The mds package provides a standardized framework to address these challenges:

Purpose of This Vignette

Note on Statistical Algorithms

mds data and analysis standards allow for seamless application of various statistical trending algorithms via the mdsstat package (under development).

Data: MAUDE and Simulated Sales

Our example dataset maude was queried from the FDA MAUDE API and contains 535 reported events on bone cement in 2017. Furthermore, a simulated exposure dataset sales was generated to provide denominator data for our bone cement events.

library(mds)
dim(maude)
dim(sales)
head(maude, 3)
knitr::kable(head(maude, 3))
head(sales, 3)
knitr::kable(head(sales, 3))

Raw Data to Trending in 4 Steps {#foursteps}

The general workflow to go from data to trending over time is as follows:

  1. Use deviceevent() to standardize device-event data.
  2. Use exposure() to standardize exposure data (optional).
  3. Use define_analyses() to enumerate possible analysis combinations.
  4. Use time_series() to generate counts (and/or rates) by time based on your defined analyses.

Live Example

# Step 1 - Device Events
de <- deviceevent(
  maude,
  time="date_received",
  device_hierarchy=c("device_name", "device_class"),
  event_hierarchy=c("event_type", "medical_specialty_description"),
  key="report_number",
  covariates="region",
  descriptors="_all_")

# Step 2 - Exposures (Optional step)
ex <- exposure(
  sales,
  time="sales_month",
  device_hierarchy="device_name",
  match_levels="region",
  count="sales_volume")

# Step 3 - Define Analyses
da <- define_analyses(
  de,
  device_level="device_name",
  exposure=ex,
  covariates="region")

# Step 4 - Time Series
ts <- time_series(
  da,
  deviceevents=de,
  exposure=ex)

What to Do Next

You may:

Summarize Defined Analyses

summary(da)

Show All Analyses as a Data Frame

dadf <- define_analyses_dataframe(da)
head(dadf, 3)
knitr::kable(head(dadf, 3))

Plot Time Series of Counts and Rates {#quickplot}

plot(ts[[1]])
plot(ts[[4]], "rate", type='l')

deviceevent() to Standardize Device-Event Data {#de}

Basic Usage

de <- deviceevent(maude, "date_received", c("device_name", "device_class"), c("event_type", "medical_specialty_description"))
head(de, 3)
knitr::kable(head(de, 3))

Advanced Usage

de <- deviceevent(
  maude,
  time="date_received",
  device_hierarchy=c("device_name", "device_class"),
  event_hierarchy=c("event_type", "medical_specialty_description"),
  key="report_number",
  covariates="region",
  descriptors="_all_")
head(de, 3)
knitr::kable(head(de, 3))

Required Arguments

data_frame : is the input device-event data frame. All remaining arguments refer to variables within this data frame.
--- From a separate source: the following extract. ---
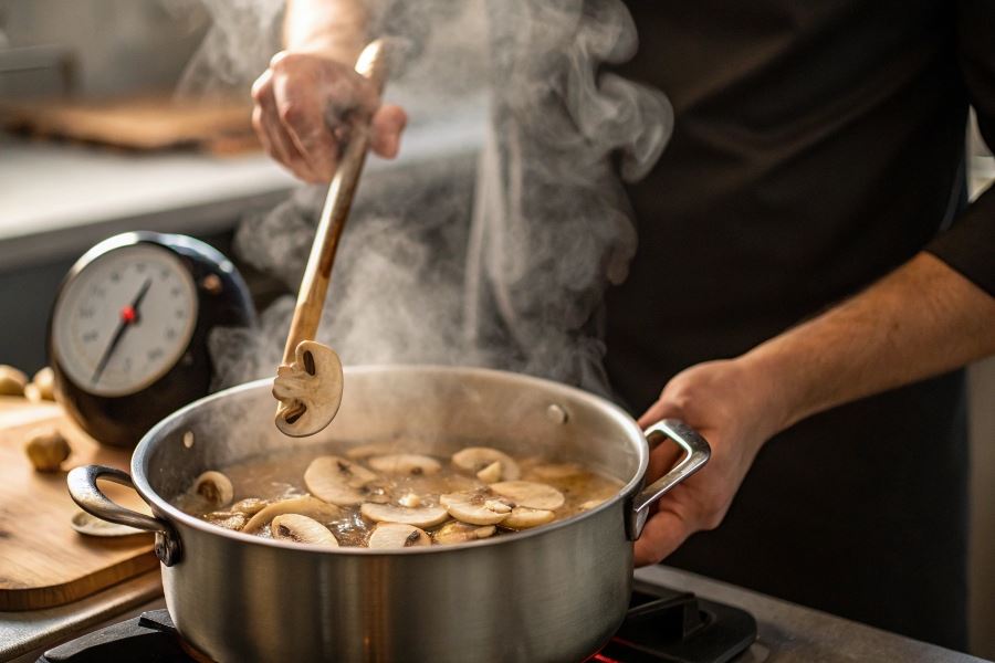 Strategiczne dodawanie pieczarek na różnych etapach gotowania

time : is the name of the variable containing the time of the event. The input format of the time will be flexibly converted into Date format.
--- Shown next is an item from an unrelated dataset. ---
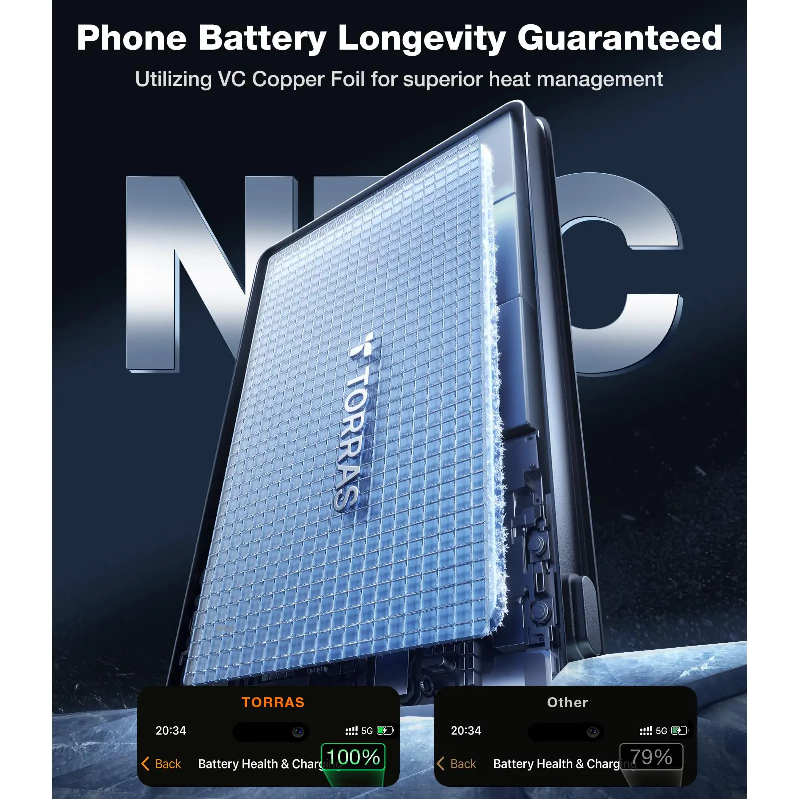 Built with Tesla's lithium-polymer battery technology, the power bank lasts over 500 charges without aging over 3 years. Advanced safety features like NTC temperature control and overcharge protection ensure your device charges safely.

device_hierarchy : organizes all your device variables into a hierarchy. The hierarchical concept reflects how devices are often nested into progressively more general groups. Set the first variable as the lowest device level that you would like to trend at. mds remembers this hierarchy and allows trending at multiple levels as you specify.

event_hierarchy : organizes all your event variables into a hierarchy. Like devices, event variables should be categorical in nature. Free text descriptions should not be listed here, but rather in the descriptors argument. The hierarchical concept reflects how events are often nested into progressively more general groups. Set the first variable as the lowest event level that you would like to trend at. mds remembers this hierarchy and allows trending at multiple levels as you specify. If your data does not have an event variable, you will need to create a dummy variable.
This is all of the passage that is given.